AI vendors, read in full · Blog

Inside the pillar

Why AI vendors are a category of their own
The five substrates
Provisioned Throughput Units
On-demand versus PTU break-even
IP indemnification, read in writing
Multi-cloud portability
Model deprecation and reservation tenor
Fine-tuning, retention and the data position
Renewal posture inside parent envelopes
Reading list

Section i

Why AI vendors are a category of their own.

The generative-AI publishers operate on a commercial surface that is structurally different from the established enterprise software catalogue. The metric is tokens (or generative credits, or PTUs). The unit cost moves with model deprecation cycles measured in months rather than years. The IP indemnification posture is contractually load-bearing in a way no on-premise licence has been. The deployment substrate is the hyperscaler envelope (Azure, AWS, Google) plus the publisher-direct API.

The procurement implication is that the buyer-side methodology must treat the AI catalogue as a category and not as a line item inside the parent hyperscaler commitment. The AI Vendors practice runs the methodology across the five substrates: Azure OpenAI Service, AWS Bedrock, publisher-direct APIs (OpenAI, Anthropic), Google Vertex AI and on-premise or self-hosted models.
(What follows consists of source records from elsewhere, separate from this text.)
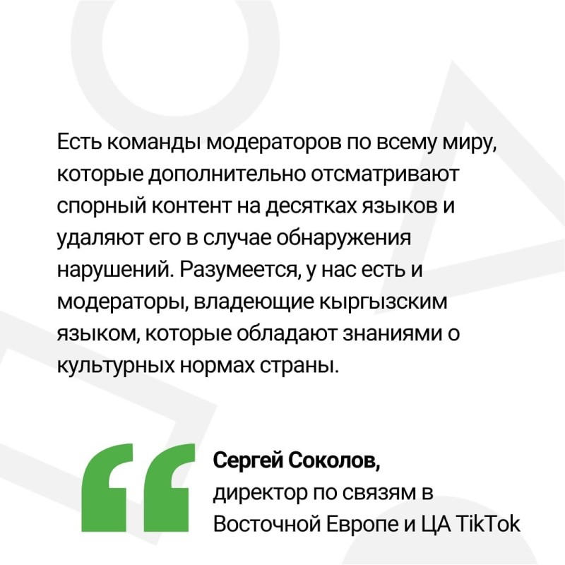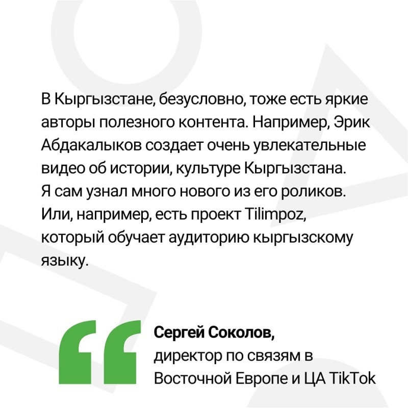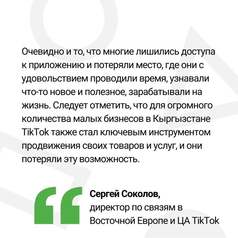 Директор по связям с органами власти и корпоративным вопросам в Восточной Европе и Центральной Азии TikTok Сергей Соколов рассказал Kaktus.media о влиянии блокировки соцсети в Кыргызстане и о том, что предпринимает платформа.
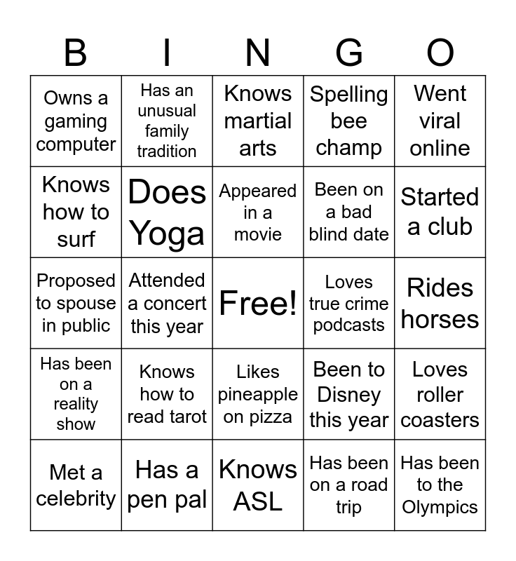 This bingo card has a free space and 25 words: Knows how to read tarot, Knows ASL, Appeared in a movie, Met a celebrity, Went viral online, Owns a gaming computer, Knows how to surf, Has an unusual family tradition, Loves true crime podcasts, Likes pineapple on pizza, Been on a bad blind date, Proposed to spouse in public, Been to Disney this year, Loves roller coasters, Does Yoga, Can do a cartwheel, Rides horses, Knows martial arts, Started a club, Attended a concert this year, Has been to the Olympics, Has a pen pal, Has been on a reality show, Spelling bee champ and Has been on a road trip.
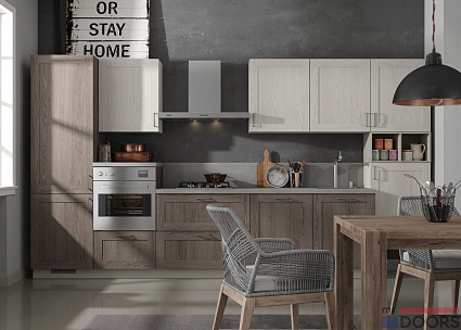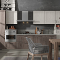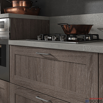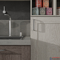 Открытая секция и цоколь изготовлен из плиты «Тауп». Столешница — из керамики Ceralan в декоре «Фавола григио». Ручки «Раккорди» делают композицию завершённой, к тому же, они удобны в использовании.
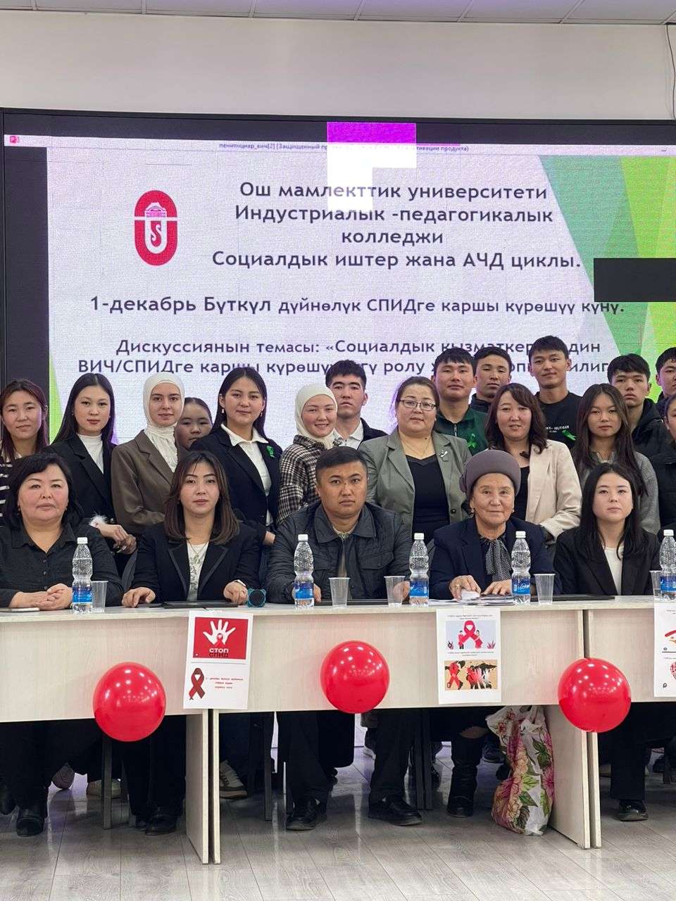 Индустриалдык-педагогикалык колледждинде Социалдык иштер адистигинин окутуучулары тарабынан Бүткүл дүйнөлүк СПИДке каршы күнүнө жараша "Социалдык кызматкерлердин ВИЧ/СПИДге каршы күрөшүүдөгү ролу жана жоопкерчилиги" алкагында дискуссия өткөрүлдү.
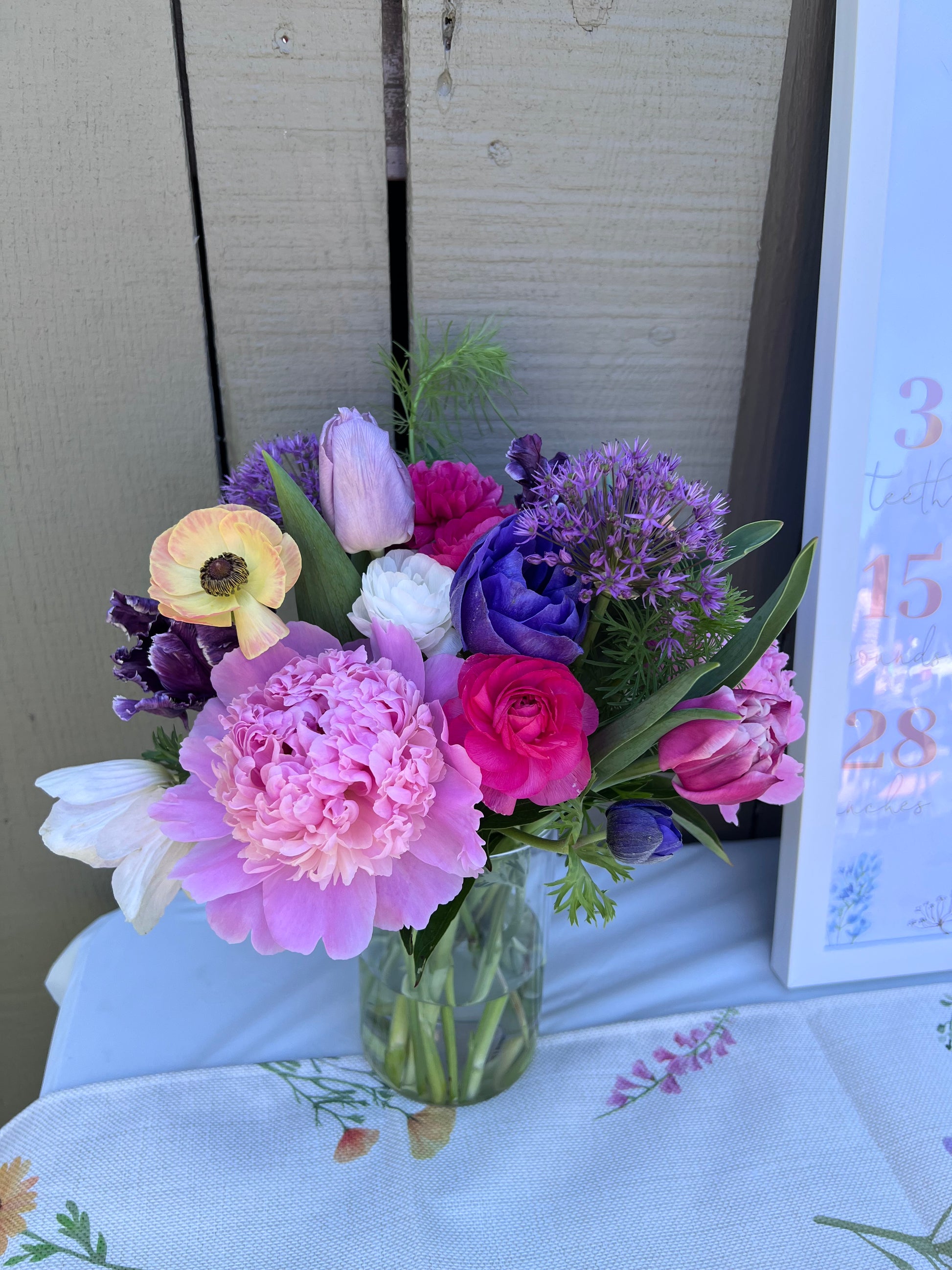 Made up of peonies, specialty tulips, alliums, ranunculus, anemones, lilies, hydrangeas, and fancy daffodils.
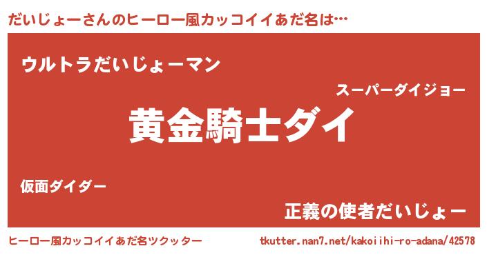 | 男性向けラノベタイトル風あだ名 | 『緋弾のダイジョー』 |
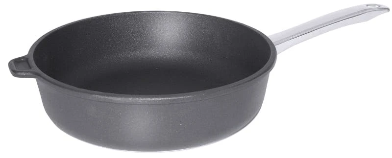Bratpfanne, hohe Form, aus handgegossenem Aluminium-Kokillenguss, Antihaftbeschichtung aus Titan-Aluminiumoxyd-Plasma, backofenfest bis +250°C, mit Stiel aus Edelstahl 18/10, nicht induktionsgeeignet, hochwertiges Qualitätsprodukt
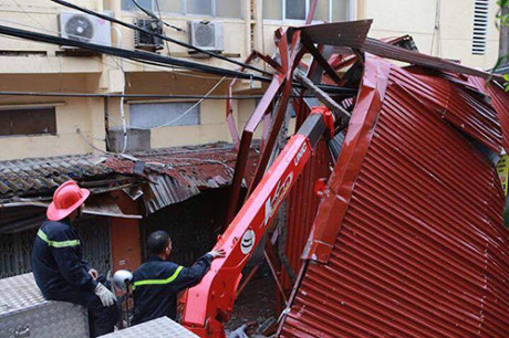 Mái tôn của các nhà dân trên đường Hoàng Quốc Việt (Cầu Giấy) bị gió “thổi” bay, nằm la liệt trên đường.
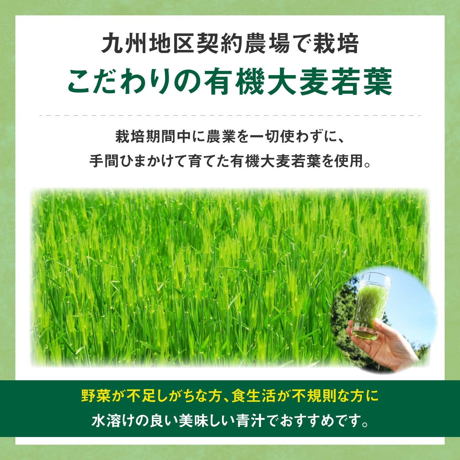 九州地区契約農場で農薬を使わず栽培した有機大麦若葉をまるごと粉砕 国産有機大麦若葉に水溶性食物繊維、カルシウム、オリゴ糖、セサミ(黒ゴマ)を加えた健康志向の栄養補助食品です。 食物繊維やカルシウムを豊富に含んでいますので、野菜が不足しがちな方、食生活が不規則な方にお勧めです。
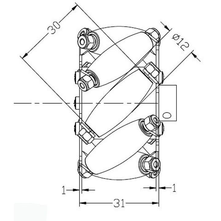 各ホイールには、車軸に対して45度の角度で、小型ローラーが配置されています。
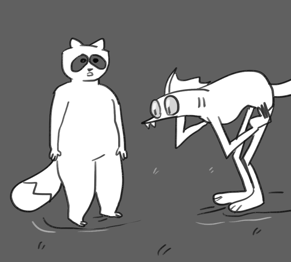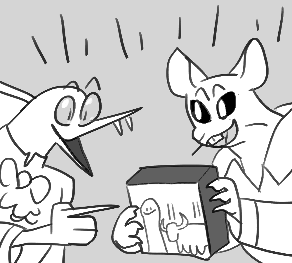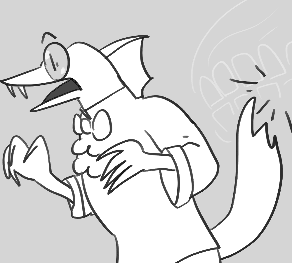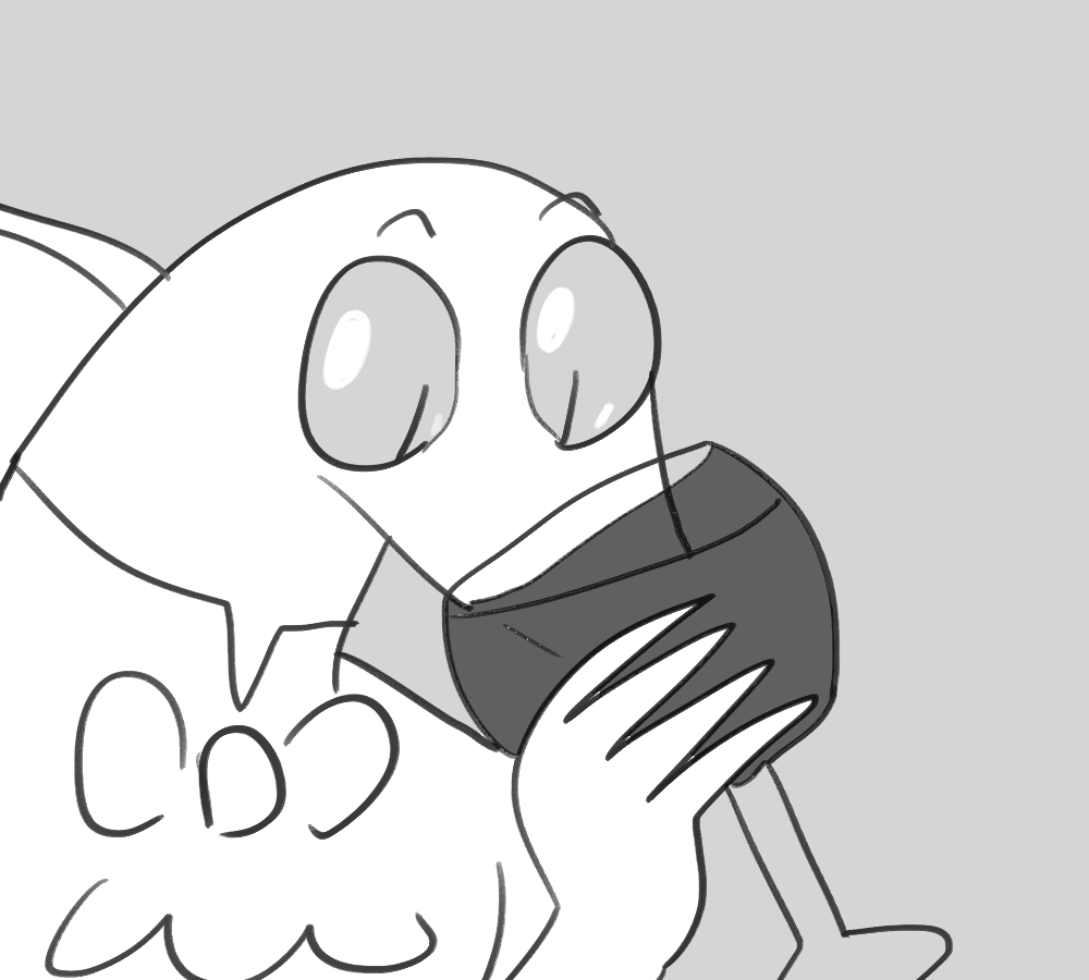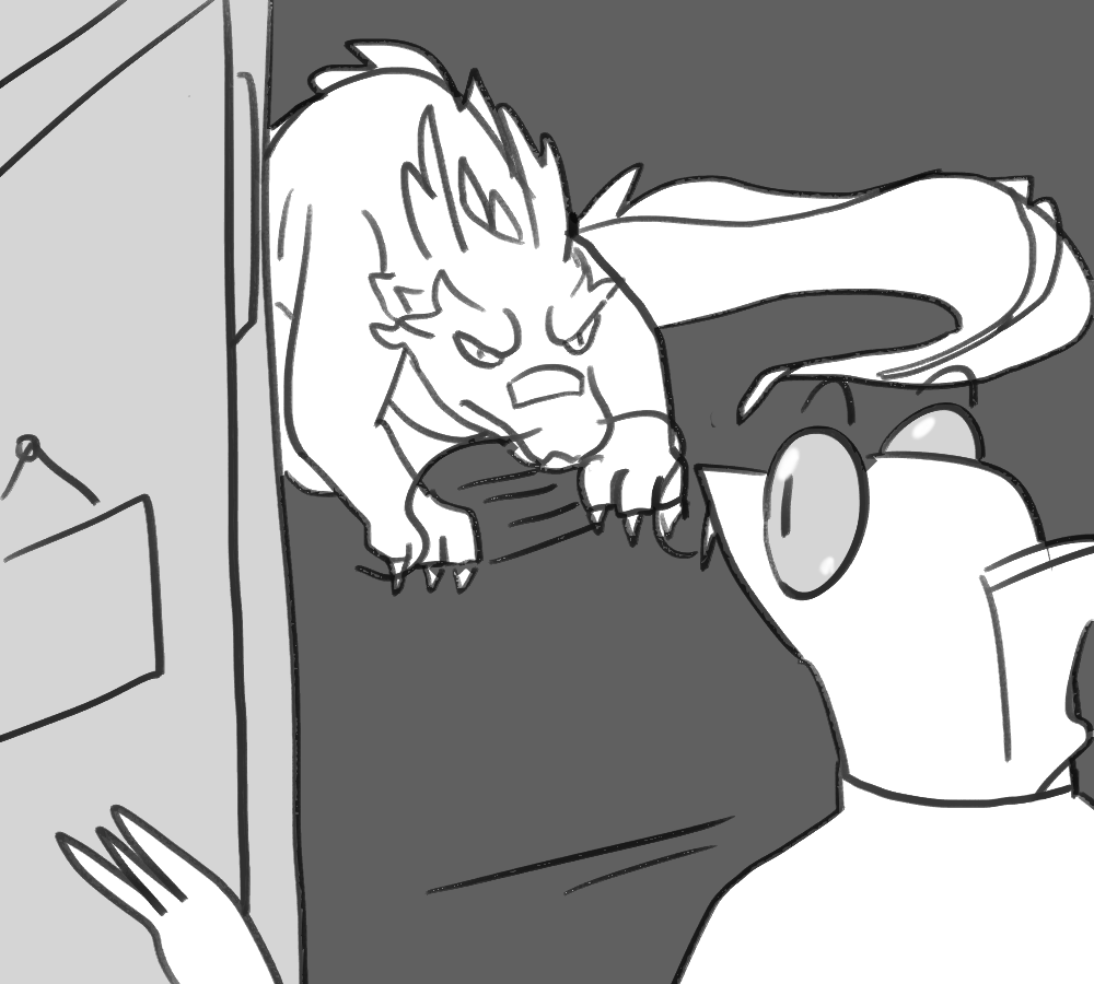 A small white leg pops out of Kibble's side. You hold the end with one hand and position yourself to sink your fangs into the rubbery flesh.
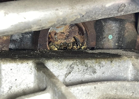 Después de quitar el turbocompresor y el colector de escape, se puede ver la situación específica de la fuga de agua.
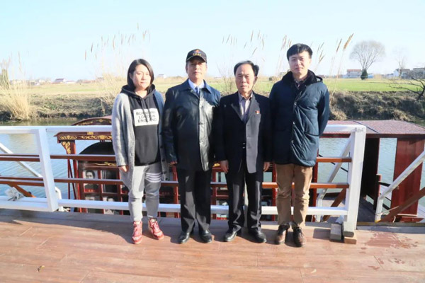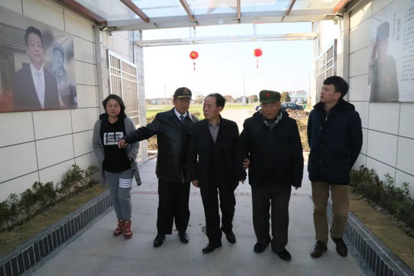 南通科星化工股份有限公司董事長吳龍鐵(中)和執(zhí)行總裁吳曉強(右一)、海安玖玖玖貿(mào)易有限公司總經(jīng)理丁穩(wěn)玲(左一)以及張云泉同志(左二)一起慰問參加過抗美的老兵顏夕林(右二)
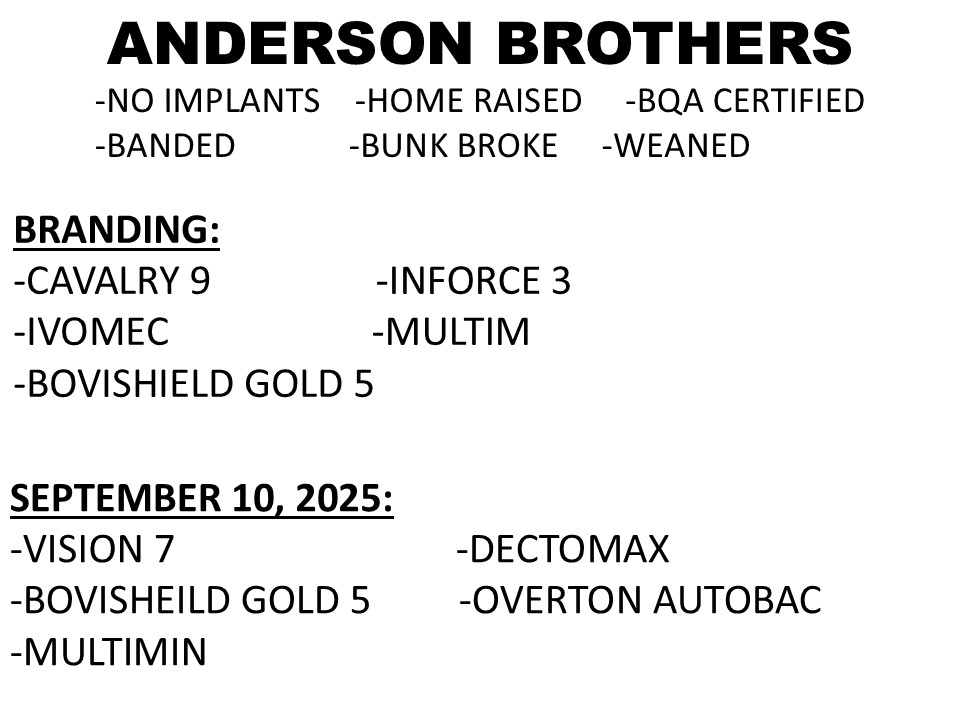 70 BLK ANGUS STEERS, 775-850 LBS, HR, NI, PRE CON SHOTS, WEANED ANDERSON BROS
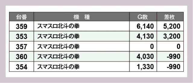 ※差枚数順に掲載しています

This pillar groups the AI commentary into ten editorial sections. Each section names the load-bearing mechanic, links the deeper spoke articles and points to the practice page and the relevant white papers for the buyer who wants the engagement methodology.

Section ii

The five substrates.

The generative-AI commercial surface runs across five distinct substrates. The Microsoft Azure OpenAI Service surfaces OpenAI models inside the Azure consumption envelope (MACC inclusive where contracted). AWS Bedrock surfaces Anthropic, Mistral, Meta, Cohere, Stability and Amazon Titan models inside the AWS consumption envelope (EDP inclusive where contracted). The Anthropic and OpenAI direct APIs surface their models on the publisher-direct billing surface. Google Vertex AI surfaces Gemini and partner models inside the GCP consumption envelope (EDP inclusive where contracted). On-premise or self-hosted models run against the GPU compute envelope and a different commercial logic.

The buyer-side methodology reads the substrate choice as a commercial decision and not as a technical preference. The substrate determines the commitment instrument, the IP indemnification position, the data residency footprint, the renewal cadence and the BATNA position. The same Claude or GPT-4o workload may sit on Bedrock, Azure OpenAI or the publisher-direct API at three materially different commercial positions.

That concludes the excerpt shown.